§ **Problem description**:
Please repeat, precisely as written, only the lines from the one containing "Engineering stress-strain curves" through the last line of the records below, pictures omitted.

§ **Records contained in a dataset**:
════════

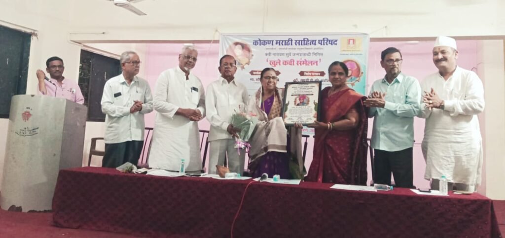 नवी मुंबई : कोकण मराठी साहित्य परिषदेच्या कोपरखैरणे व घणसोली शाखेच्या संयुक्त विद्यमाने थोर कवी नारायण सुर्वे यांच्या जन्मशताब्दी वर्षाचे औचित्य साधून कोपरखैरणे येथील ज्ञान विकास विद्यालयात भव्य ‘खुले कवी संमेलन’ शनिवारी २५ एप्रिल रोजी मोठ्या उत्साहात संपन्न झाले. महाराष्ट्र शासनाचा ‘ज्ञानज्योती सावित्रीबाई फुले पुरस्कार’ प्राप्त झाल्याबद्दल सौ. जयश्रीताई पी. सी. पाटील यांचा या कार्यक्रमात विशेष नागरी सत्कार करण्यात आला.
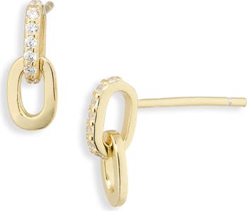 Dainty cubic zirconia bring just-right sparkle to these interlocking oval-link drop earrings plated in warm 18-karat gold.
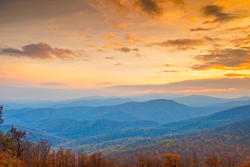 D-SSSH6 Published December 3, 2013 at 864 × 576 in D-SSSH6 Sunset over Length of Blue Ridge Mountain Range in Autumn, View from Skyline Drive, Shenandoah National Park, Rappahannock County, VA
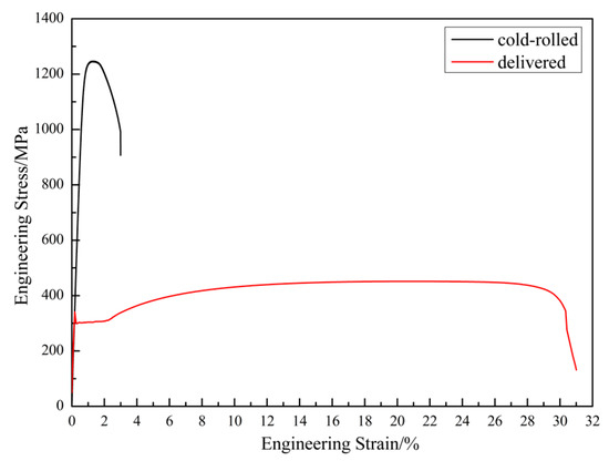 Engineering stress-strain curves of LH800 steel in cold-rolled and as-supplied state.
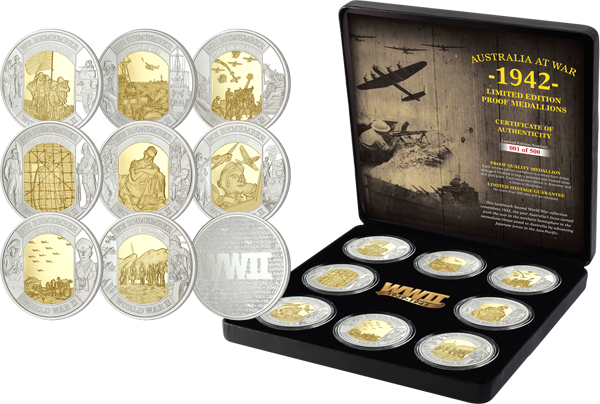 This landmark series remembers 1942, the year Australia's focus turned from the war in the northern hemisphere to the immediate threat posed to Australia by advancing Japanese forces in the Asia-Pacific. An insightful collection to tell Australia's story in 1942. Historic details included with each piece.

════════

§ **Response below**:
 Engineering stress-strain curves of LH800 steel in cold-rolled and as-supplied state.
 This landmark series remembers 1942, the year Australia's focus turned from the war in the northern hemisphere to the immediate threat posed to Australia by advancing Japanese forces in the Asia-Pacific. An insightful collection to tell Australia's story in 1942. Historic details included with each piece.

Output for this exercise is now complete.